┌─ SOURCE MATERIAL
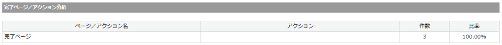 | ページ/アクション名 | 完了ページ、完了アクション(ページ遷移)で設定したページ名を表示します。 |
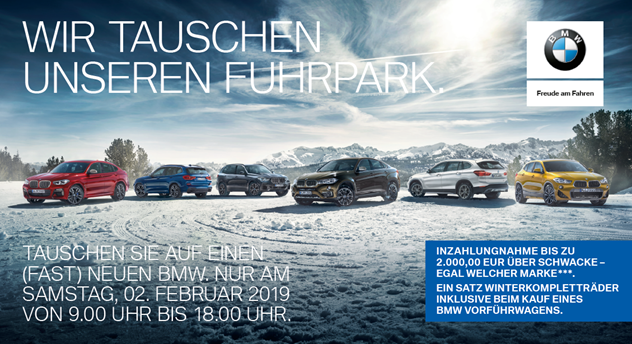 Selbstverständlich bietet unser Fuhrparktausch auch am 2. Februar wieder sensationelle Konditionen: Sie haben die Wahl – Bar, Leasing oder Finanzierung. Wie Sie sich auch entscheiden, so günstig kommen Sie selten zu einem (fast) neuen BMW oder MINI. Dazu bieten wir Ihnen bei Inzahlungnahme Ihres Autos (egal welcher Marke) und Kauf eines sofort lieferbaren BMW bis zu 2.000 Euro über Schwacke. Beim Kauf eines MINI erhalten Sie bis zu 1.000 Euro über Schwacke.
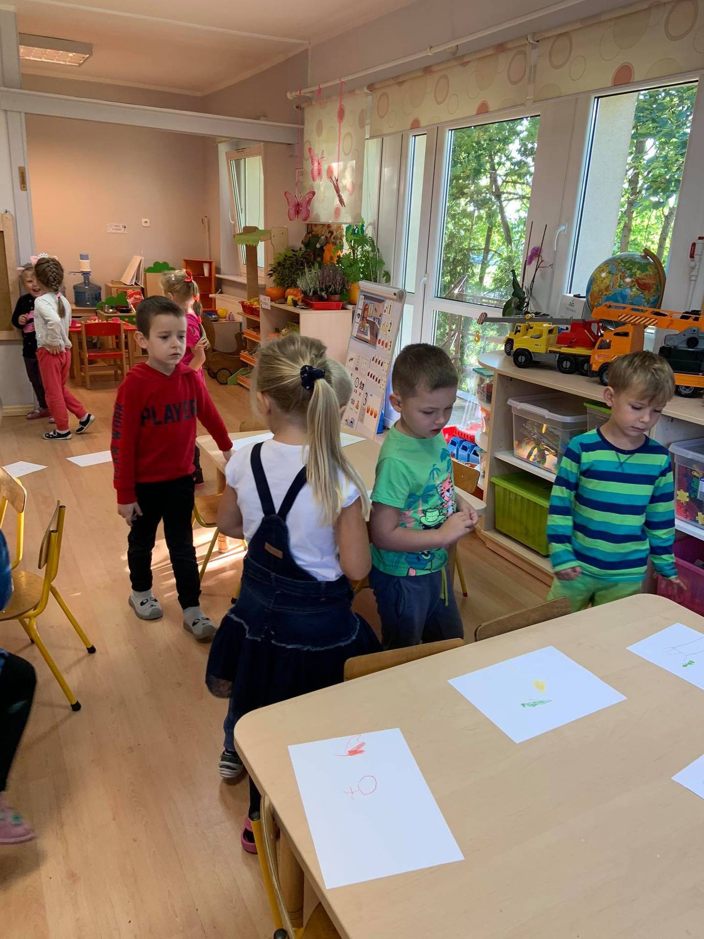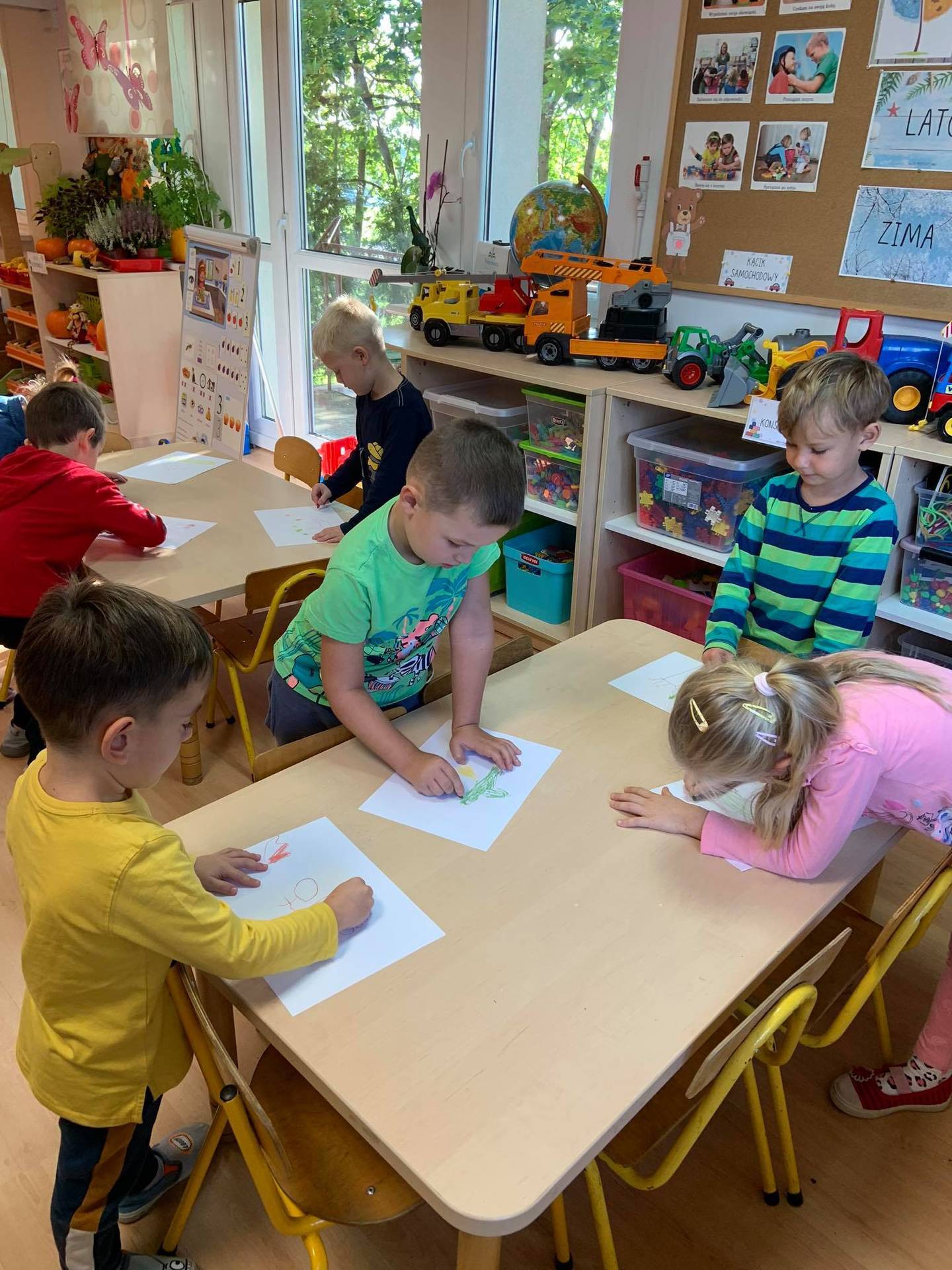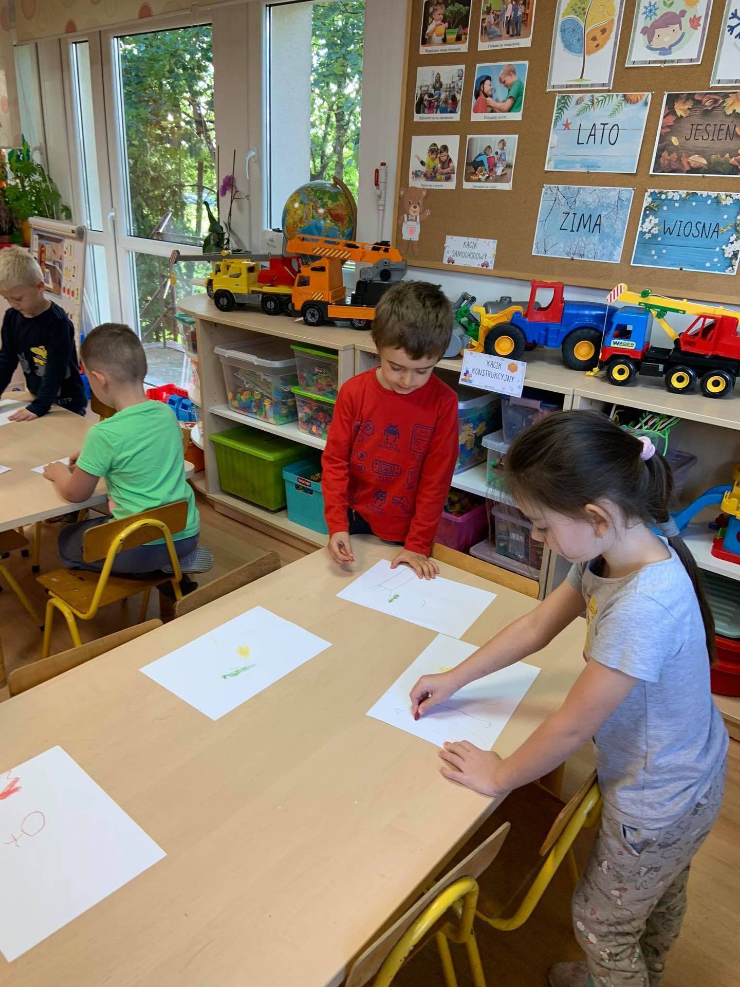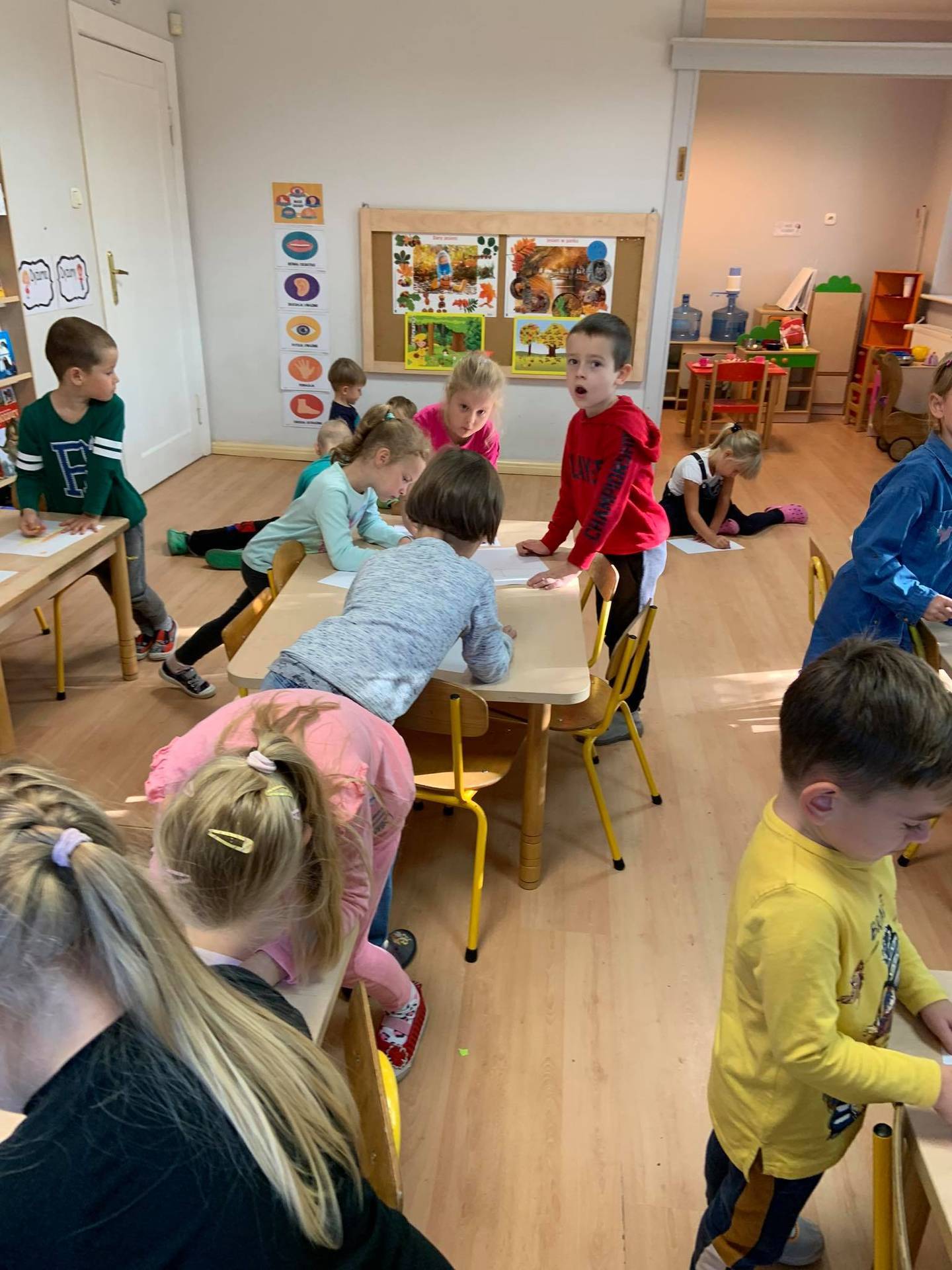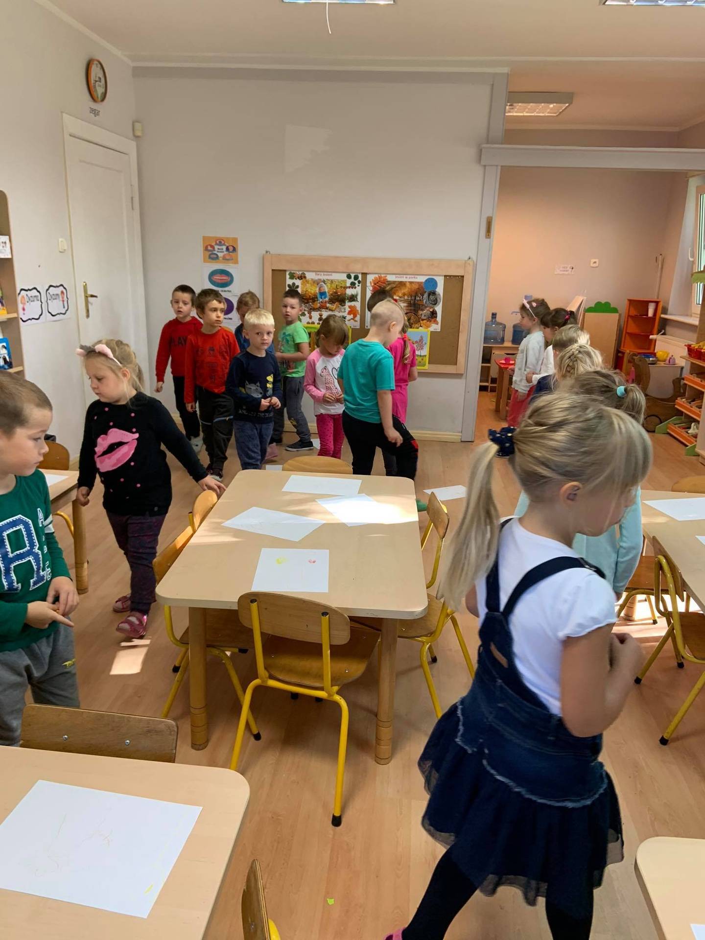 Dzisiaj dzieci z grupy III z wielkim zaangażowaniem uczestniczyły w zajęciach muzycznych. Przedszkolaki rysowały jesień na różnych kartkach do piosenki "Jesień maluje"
└─
Apart from the images, every line above needs to be printed again exactly.

 | ページ/アクション名 | 完了ページ、完了アクション(ページ遷移)で設定したページ名を表示します。 |
 Selbstverständlich bietet unser Fuhrparktausch auch am 2. Februar wieder sensationelle Konditionen: Sie haben die Wahl – Bar, Leasing oder Finanzierung. Wie Sie sich auch entscheiden, so günstig kommen Sie selten zu einem (fast) neuen BMW oder MINI. Dazu bieten wir Ihnen bei Inzahlungnahme Ihres Autos (egal welcher Marke) und Kauf eines sofort lieferbaren BMW bis zu 2.000 Euro über Schwacke. Beim Kauf eines MINI erhalten Sie bis zu 1.000 Euro über Schwacke.
 Dzisiaj dzieci z grupy III z wielkim zaangażowaniem uczestniczyły w zajęciach muzycznych. Przedszkolaki rysowały jesień na różnych kartkach do piosenki "Jesień maluje"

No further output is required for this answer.